* _COLLECTED DATA_:
━━━━━━━━━━━━━━━━━━━━━━━━━━━━━━

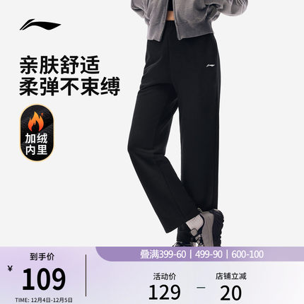 李宁卫裤女士新款健身跑步长裤秋冬季加绒反光窄直筒针织运动裤女
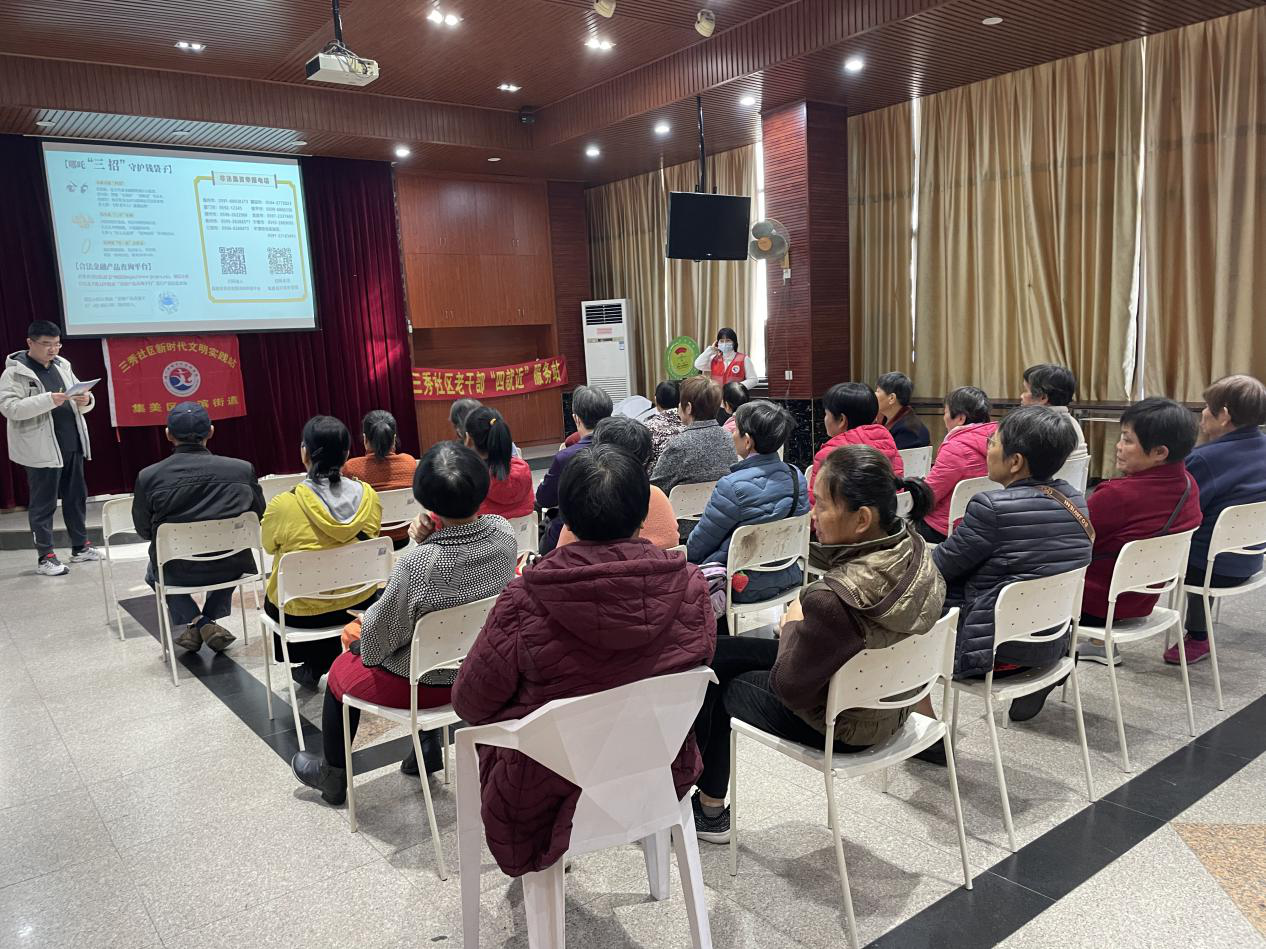 为推进诚信建设,守护老干部财产安全,提升其防范非法集资意识与能力,近日,杏滨街道三秀社区老干部“四近”服务站组织开展防范非法集资暨诚信宣传专题讲座,辖区老干部、老党员代表参加活动。
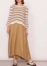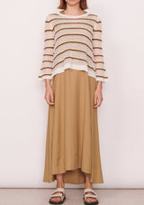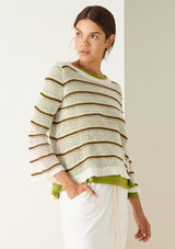 Perfect for Summer layering, the Willa Striped Knit features a tri-coloured stripe in a pointelle stitch. Designed with a round neckline, swing silhouette through the body. and slim fit sleeves that flare at the cuffs. Finished with ribs at the collar and hems.
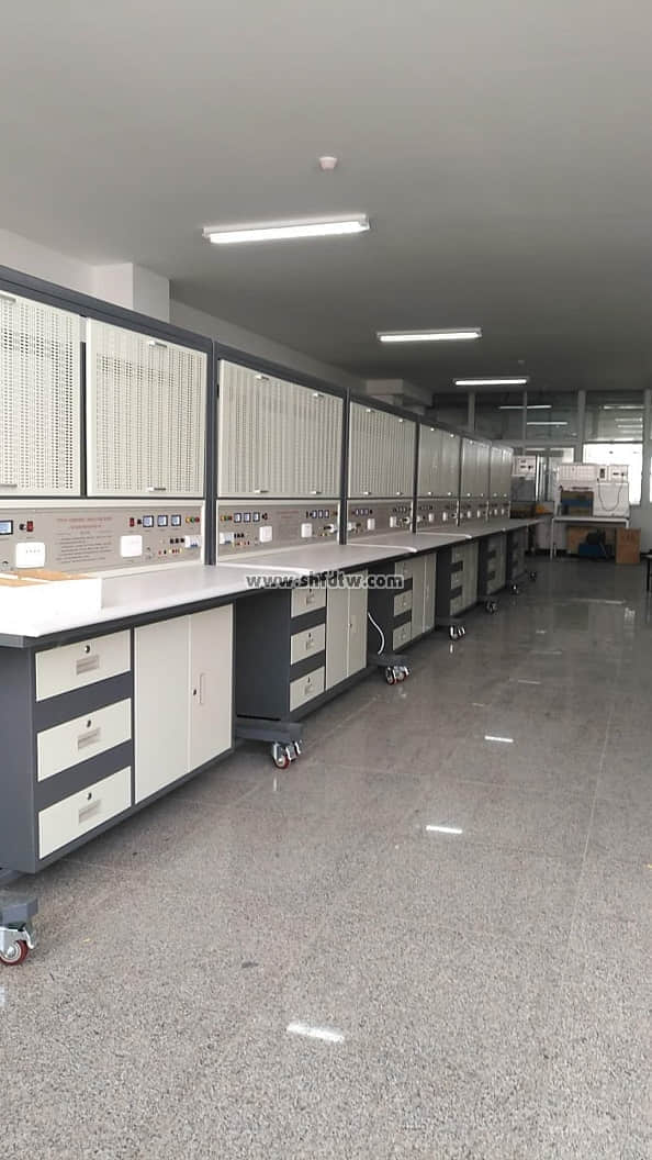 5、實訓(xùn)儲物柜采用標(biāo)準結(jié)構(gòu)和抽屜式,左側(cè)有3層抽屜,用于存放工具以及實訓(xùn)資料。

━━━━━━━━━━━━━━━━━━━━━━━━━━━━━━

* _TASK PROMPT_: Every line above is to be repeated exactly, but no picture is to appear in the copy.

* _FINISHED EXERCISE_:
 李宁卫裤女士新款健身跑步长裤秋冬季加绒反光窄直筒针织运动裤女
 为推进诚信建设,守护老干部财产安全,提升其防范非法集资意识与能力,近日,杏滨街道三秀社区老干部“四近”服务站组织开展防范非法集资暨诚信宣传专题讲座,辖区老干部、老党员代表参加活动。
 Perfect for Summer layering, the Willa Striped Knit features a tri-coloured stripe in a pointelle stitch. Designed with a round neckline, swing silhouette through the body. and slim fit sleeves that flare at the cuffs. Finished with ribs at the collar and hems.
 5、實訓(xùn)儲物柜采用標(biāo)準結(jié)構(gòu)和抽屜式,左側(cè)有3層抽屜,用于存放工具以及實訓(xùn)資料。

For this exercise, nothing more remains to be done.